William Gladstone, the on-again, off-again British prime minister for most of the second half of the 19th century, famously liked to walk the streets at night, counseling prostitutes to a more wholesome life. He did so when he was young. He did so when he was old, and through his four terms as prime minister from 1868 through 1894. Those were the years when Britain thought itself Queen Victoria’s and God’s gift to the world (in that order), when imperialism found cover behind the infomercial known as the white man’s burden.
The link between Gladstone’s streetwalking and Britain’s globe-trotting is one of those striking historic parallels between a man’s ideals personifying a civilization’s presumptions. The link isn’t just symbolic. It betrays the rot at the heart of Western assumptions about right and wrong, about who, your majesty, the savages are. For Gladstone wasn’t a compulsive streetwalker for virtue all those years: He was, in fact, an assiduous whoremonger. He makes you think of that old hair club commercial — “I’m not just the president, I’m a customer.” And Britain wasn’t bringing civilization to the world so much as decimating and retarding it where it didn’t fit with Albion’s tastes.
Britain has long been replaced by the United States as the world’s civilizing Santa. But aside from the Big Stick years of Presidents McKinley and the first Roosevelt, who left no natives unturned in the Philippines and South of the Border, it should be said that American imperialism had a decidedly Wilsonian bend for most of the 20th century. It was too busy saving the world rather than conquering it (except, again, South of the Border). When the Soviet Union fell, it looked as if America’s job as world’s sheriff was done. Finally, the West’s trillions could be invested in something more constructive than missiles and fearmongers’ dividends.
Sure enough, the sprawl of Pentagon budgets slowed under Bill Clinton.
Conservatives panicked. For lack of war’s distortions on national purpose — the phonier the war, the greater the distortions — peace tends to rouse social consciences, and with them police truncheons (on labor in the 1920s, blacks in the ’50s, students and women in the ’60s, anti-globalists in the ’90s). Peace isn’t good for certain trades, imperial power and aimless leadership among them. For all his personal foibles, Gladstone was a great leader and reformer, and a critic of Britain’s colonial brutality under Benjamin Disraeli. Our street-walker for democracy has none of Gladstone’s qualities and all of Disraeli’s defects.
Until the latter days of 2001, President Bush’s skeletal talents for peacetime democracy were creaking out of the closet and down the ravine of opinion polls. He was a Hoover in the making (the president or the vacuum, your pick). Osama bin Laden to the rescue. His one-hit wonder on the Twin Towers and the Pentagon did wonders for a presidency looki! ng for salvation. And the most imperial presidency in the nation’s history was off on its wolves’ hunt, with democracy for a battle flag.

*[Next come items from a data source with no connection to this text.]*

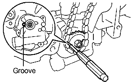 g. Align the adjusting hole of the oil pump drive shaft gear with the groove of the oil pump.
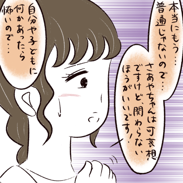 「本当にもう・・・普通じゃないので・・・さあやちゃんは可哀想ですけど、関わらないほうがいいです!自分や子どもに何かあったら怖いので・・・」
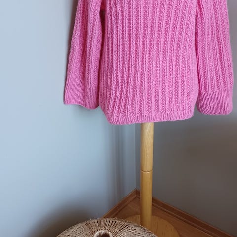 Nystrikket Logo-genser str small. 45 cm bred, og 57 cm lang. Strikket i kvalitetsgarnet Pus fra Du store Alpakka. Myk, varm og kløfri alpakkaull.
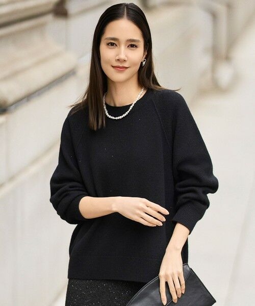繊細なスパンコールがさりげない華やかさを演出するニット■デザイン身頃は程よいリラクシーなシルエットのラグランスリーブニットです。マニッシュに見えがちなラグランスリーブも、レングスに前後差を付けることで、着用時に丸みが出て女性らしい柔らかな印象になります。レングスバランスもボトムを選ばず合わせやすいので、デイリーに活躍する1枚です。■素材オーストラリア産メリノウールと、中国・内モンゴル産の上質なカシミヤを使用しており、非常に柔らかい手触りが特徴です。上品で繊細に見える梳毛と軽く温かい紡毛、異なった手法で紡績した2種類の糸を絶妙なバランスで撚り合わせています。そのため、すっきりとした表情でありながらも、着用時にとても軽く温かさを感じられる素材です。特殊な紡績工程を経てウールとカシミヤという肌に優しい天然素材を組み合わせることで、より軽量で繊細な糸が出来上がります。そこに極小のスパンコールを撚り合わせて、華やかに仕上げています。■同素材アイテムスパンコールハイネックニット(KRWMGW0554)ラグランスリーブニット(KRWMGW0551)ハイネックニット(KRWMGW0553)【ウールマーク認証について】ウールマーク認証とは、厳しい品質基準を満たしたウール製品を証明するマークです。第三者の認定検査機関を通じて、ウール混率・耐久性・洗濯試験などを検査し、ザ・ウールマーク・カンパニーが設定する品質基準を満たした製品にのみ付けられるマークです。【メリノウールについて】主にオーストラリアで飼育されているメリノ種という?の?で、他品種の?より細く滑らかなウール繊維が特徴。??は発熱?や保温性、吸放湿性などに優れており、機能性と上質でしなやかな肌触りを両?しています。
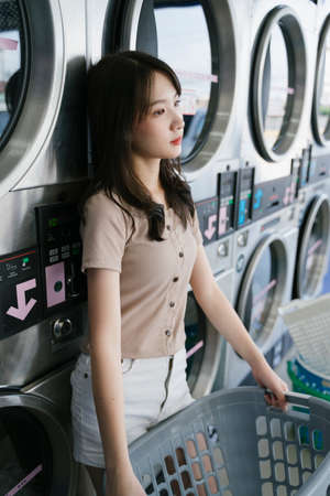 Cute girl standing in front of washing machine in luandromat and hold the gray basket.
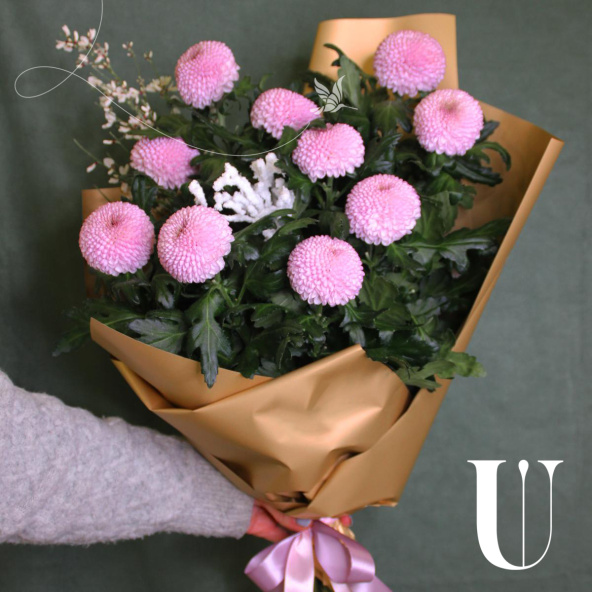 Букет из кустовых хризантем микс в дизайнерской упаковке
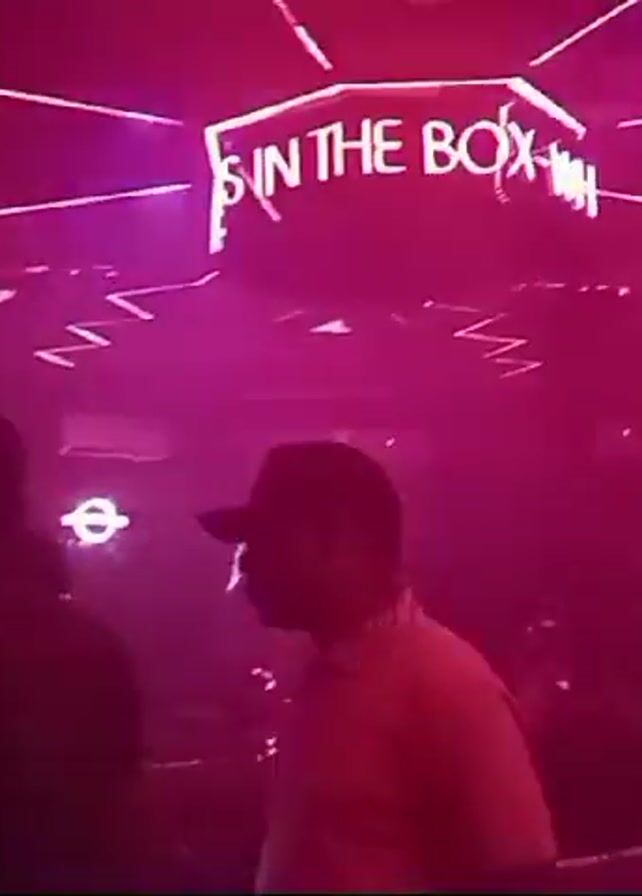 inside of a lively nightclub, bathed in purple and pink neon lights. A neon sign that reads "Spin the Box" is prominent. People are visible, some standing, others moving around, all enjoying the music and atmosphere. One person is spinning a large vinyl record. The video also captures other neon signs and lighting, contributing to the energetic ambiance of the club.
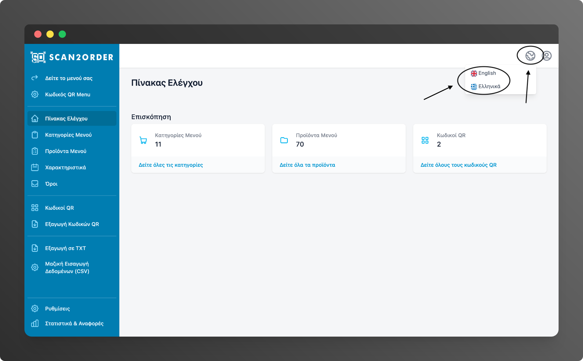 En haut à droite de votre écran se trouvent deux icônes. Cliquez sur l’icône de gauche et sélectionnez la langue que vous souhaitez utiliser pour votre tableau de bord.

While President Bush has been preaching a war for democracy before every military audience that will have him, democracy has never been so much in retreat by democracies’ own doing. The same old Mideast despots we call our friends — in Egypt, in Saudi Arabia, in Afghanistan — are aborting democratic moves the moment people make them, and American power is radicalizing Iraq along Iranian (that is, tyrannical), rather than democratic, impulses. But that’s to be expected in a region where despotism is second nature. What was less expected is the retreat of democracy in the West. In the United States our own citizens defend domestic spying, torture, the suspension of constitutional protections for whomever the president chooses.

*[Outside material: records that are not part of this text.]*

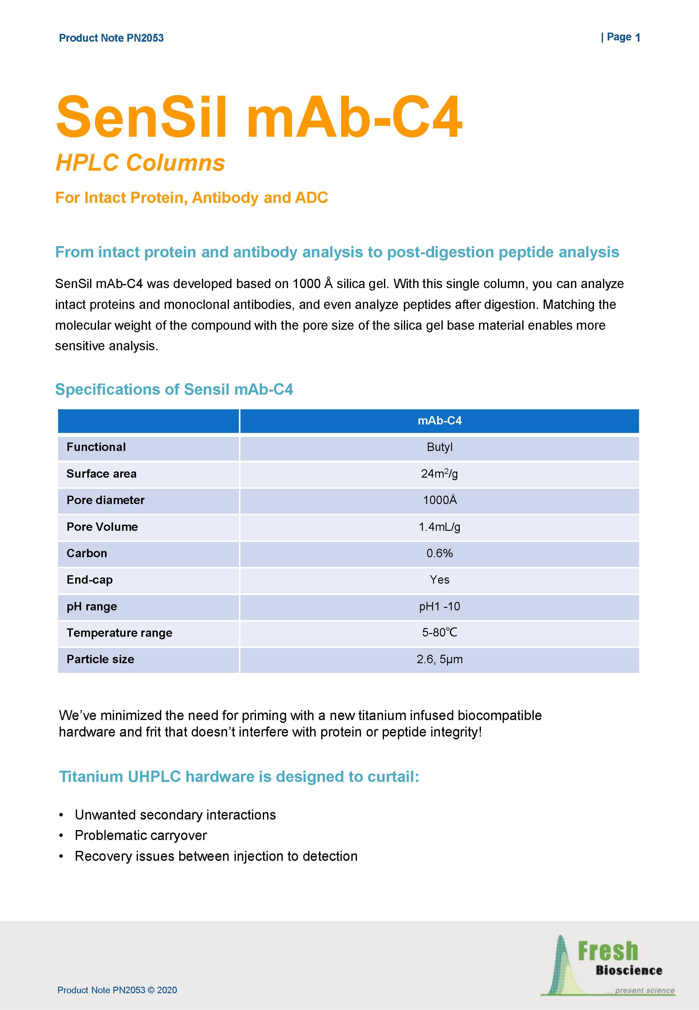 完全生物惰性的1000埃孔徑C4色譜柱,從完整抗體到酶解肽圖分析,加速生物制品研發(fā)過程。
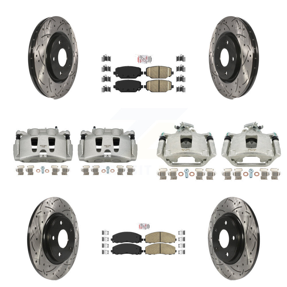 Front Rear Disc Brake Coated Caliper Drilled Slotted Rotors And Ceramic Pads Kit (10Pc) For Dodge Grand Caravan KCD-101040N
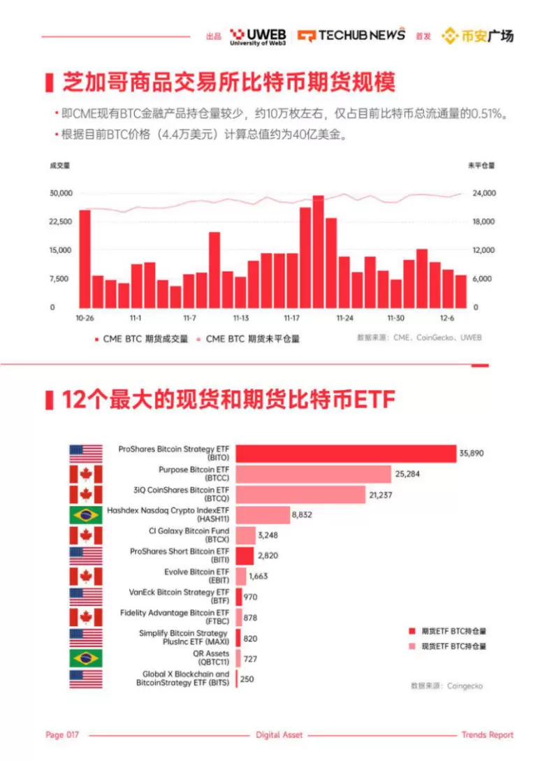 但我们也必须认识到,包括ProShares Bitcoin Strategy ETF(BITO)、Purpose Bitcoin ETF(BTCC)、3iQ CoinShares Bitcoin ETF(BTCQ)在内的现有比特币金融产品持仓量依旧相对较少,总数约10万枚左右,仅占目前比特币总流通量的0.51%,根据目前比特币价格(4.4万美元)计算总值仅为40亿美金。这就代表着其他ETF的市场规模目前并不算大,市场对于这类新型金融工具的接纳需要时间。从以往类似金融产品的市场接受过程来看,虽然基础已经打好,爆发增长仍需时日。因此在2024年,我们期待见证比特币ETF如何逐步推动市场成熟,并带动整个数字资产行业迈向新的里程碑.
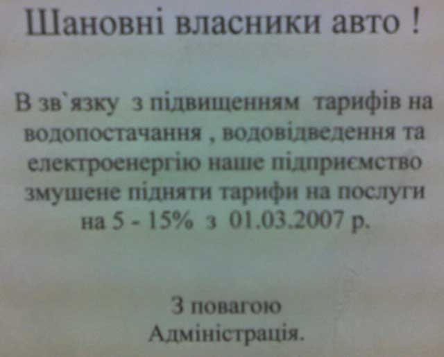 На петрівці автомийка "360Г". В неділю помили "всього" за 70 грн. Прочекав 1.5 години а потім вони мені оголосили ціну Комплексна (кузов безконтактною з воскуванням, пилосос, протерають вікна, чистять і натирають пластик в салоні). Раніше було 50. Два тижні назад вже 55. А зараз вже 70!!! Причому написали (див. фото), що піднімають ціни на 5...15% а реально на 27% підняли! А якість залишилась та ж - доводиться після "все готово" обходити машинку і тикати носом мийників. В минулий раз пів заднього бампера взагалі не помили Навіть незнаю чи буду у них ще митись...

The transformation of America into an emerging police state, example to the world, is encouraging other democracies to follow. The European Union is readying to do what the National Security Agency has been doing for years — track all electronic communications on the continent. Britain is readying to track every car and truck’s movement on every road. Italy, Britain and France have all expanded government’s power to imprison people without charge for lengthy periods. Under Prime Minister John Howard, Australia enacted into law a draconian alien and sedition act that exceeds America’s Patriot Act (which reverses the innocent-until-proven-guilty standard). If elected Jan. 23, Canada’s conservative candidate for prime minister vows to militarize the country’s cities.
That’s Bush’s march for democracy for you: Autocracy on autopilot. And for what? For fascism’s seducer, a pimp called security, and whose whores we all are.